Heeding the call from artist Charles Dana Gibson to “Draw 'til it hurts,” hundreds of leading American artists galvanized public interest in the Great War (1914–1918). Although the United States participated as a direct combatant in World War I from 1917 to 1918, the riveting posters, cartoons, fine art prints, and drawings on display chronicle this massive international conflict from its onset through its aftermath.
Gibson, a preeminent illustrator, led the federal government's Division of Pictorial Publicity, a unit of the Committee on Public Information. The Division focused on promoting recruitment, bond drives, home front service, troop support, and camp libraries. Many images advocated for American involvement in the war and others encouraged hatred of the German enemy. In less than two years, the Division's 300 artists produced more than 1,400 designs, including some 700 posters.
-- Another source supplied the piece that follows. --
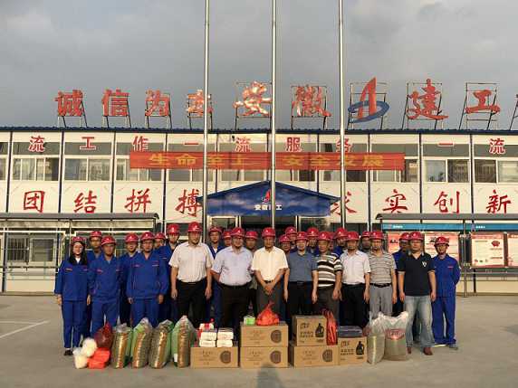 牛曙東一行一到工地就深入施工現(xiàn)場察看項目安全防護設施、文明施工、工程進展情況,還仔細詢問員工的工作、生活和項目黨建工作等。為奮戰(zhàn)在高溫中的一線職工送去了礦泉水、綠豆、毛巾等防暑藥品等慰問品,關切職工工作和身體狀況,深入到職工宿舍、食堂實地查看職工居住和生活條件。詳細了解高溫期間工作安排情況,并向堅守在高溫一線的職工表示親切慰問和感謝。牛曙東指出,連續(xù)高溫天氣,一線職工始終堅守在崗位,落實高溫天氣作業(yè)安全防范措施,做好當前防暑降溫工作,防止職工中暑,確保人身安全。

The works chosen for this exhibition reflect the focus of wartime art on patriotic and propaganda messages—by government-supported as well as independent and commercial artists. They include James Montgomery Flagg (best known for his portrayal of Uncle Sam), Wladyslaw Benda, George Bellows, Joseph Pennell, and William Allen Rogers. In contrast, such artists as Maurice Becker, Kerr Eby, and Samuel J. Woolf, drew on their personal experiences to depict military scenes on the front lines as well as the traumatic treatment of conscientious objectors. And finally, cartoonists offered both scathing criticism and gentle humor, as shown in Bud Fisher's comic strip Mutt and Jeff.
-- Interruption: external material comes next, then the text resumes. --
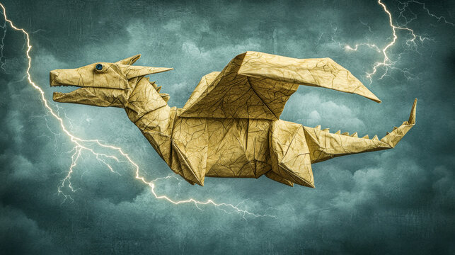 A dragon made of paper, with a blue eye and sharp teeth, is shown in flight against a stormy sky.

Photography also provided essential communication during the First World War. The selected images detail the service of soldiers, nurses, journalists, and factory workers from the home front to the trenches. American Red Cross photographs by Lewis Hine and others employ artful documentation to capture the challenges of recovery and rebuilding in Europe after the devastation of war.
All works in the exhibition are from the collections of the Prints and Photographs Division.